Призывник из освобожденной Брянщины, из тех, кого в дивизионе называют «дедами», Илларион Мальцев ни от кого не таил, что во время оккупации был недолго старостой деревни, Колбенко первому рассказал. А Зубров… чуть ли не последним узнал об этом от какого-то своего неумного осведомителя. И повели Мальцева под винтовкой в «Смерш» армии. Колбенко, услышав об аресте «деда», взбунтовался, знал, что Мальцев был старостой по заданию партизан и два сына его погибли, один, летчик, в звании Героя Советского Союза. Зубров, вероятно, получил выговор от своего начальства, потому что как-то доверительно сказал мне:

– Этот недобитый украинский националист когда-нибудь нарвется. Пусть скажет спасибо, что я добрый.

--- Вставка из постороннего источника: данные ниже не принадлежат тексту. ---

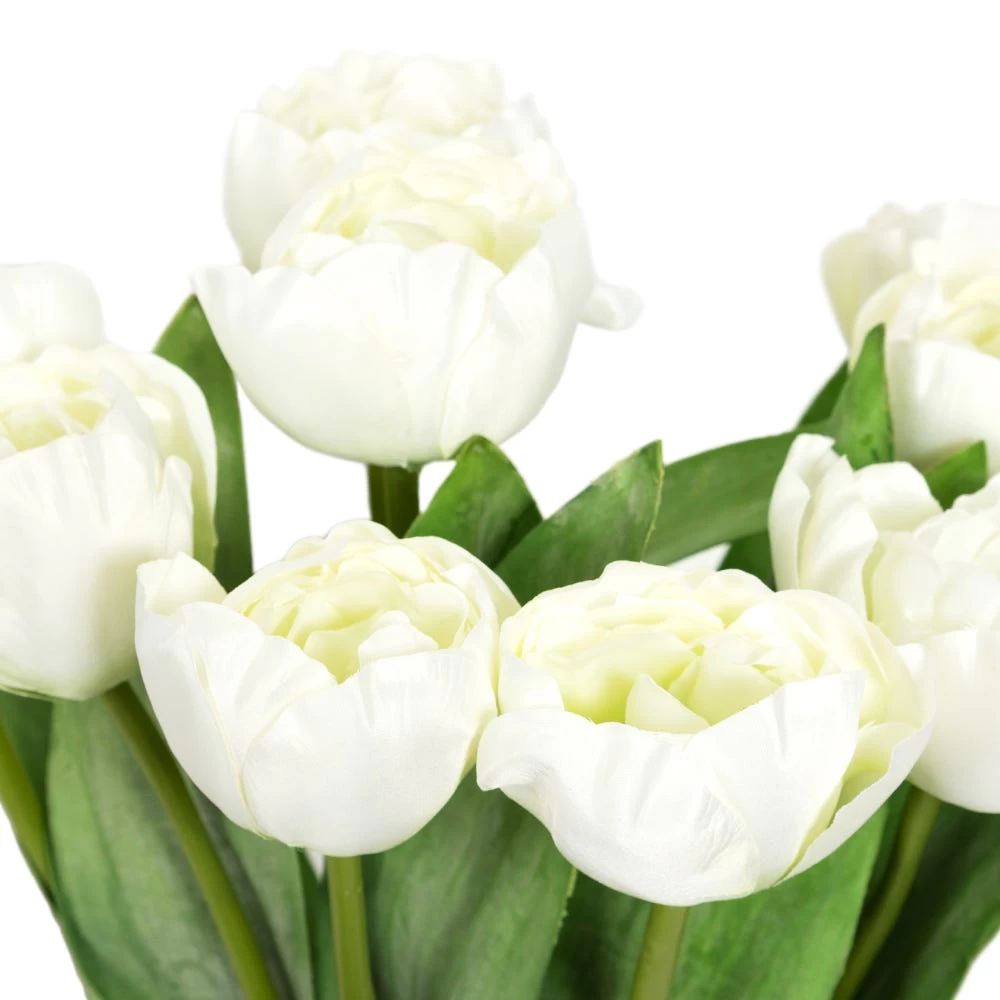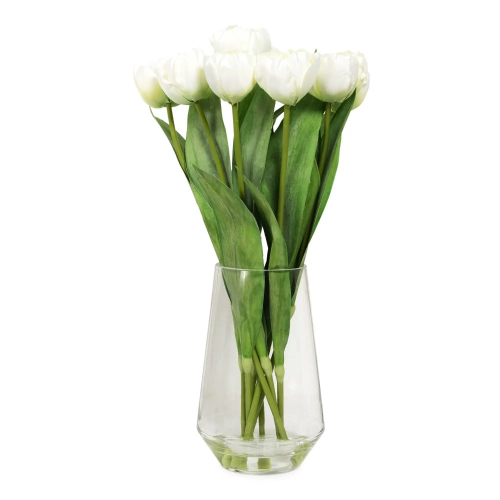 Show off your artistic and creative sense by decorating your living room with this beautiful tulip in a glass vase. This flower vase set is crafted using fabric plastic, and features elegant artificial tulips with a natural look and feel, giving them a graceful and calming appearance. These flowers come in a clear glass vase to fully showcase their beauty.

Мальцев – лучший плотник, все командные землянки в Кандалакше построил. Кузаев иначе не обращается к нему, как Илларион Петрович.

– …девушка и тебе понравится. Такая не может не понравиться. – Колбенко вытер губы – примета хорошего настроения. – Я подошел… Как тебя зовут? Она – реверансик… Кукареки… Вообрази. Я засмеялся. А у нее только глаза смеются. Какие глаза! Я, старик, утонул в них. А произношение какое! Мы с тобой никогда не научимся так говорить по-русски… А ты говоришь – финка.

И мое желание протестовать отступило. Появилось недоумение, удивление. Однако и оно меня испугало. Что делается со мной? Колбенко ни про одну из наших девушек так не отзывался, для него в военном плане они – бойцы, в человеческом – дочки.

Видимо уловив мое удивление, он прекратил разговор о новеньких. Снова сел на пол, стал обуваться. И – совсем о другом:

– Город собирается встречать первый поезд из Ленинграда. Хочешь, сходим?

– Хочу!

Обрадовался я предложению, понял, что смогу переключиться на другое. Произойдет что-то новое, необычное. Я же не видел его еще, освобожденный город. Давно не наблюдал гражданской жизни. Да и событие какое: первый поезд из Ленинграда! Как его будут встречать? Всмотреться в лица людей – кто как будет радоваться? И тут же вспомнил Женю Игнатьеву. Обязательно сказать ей!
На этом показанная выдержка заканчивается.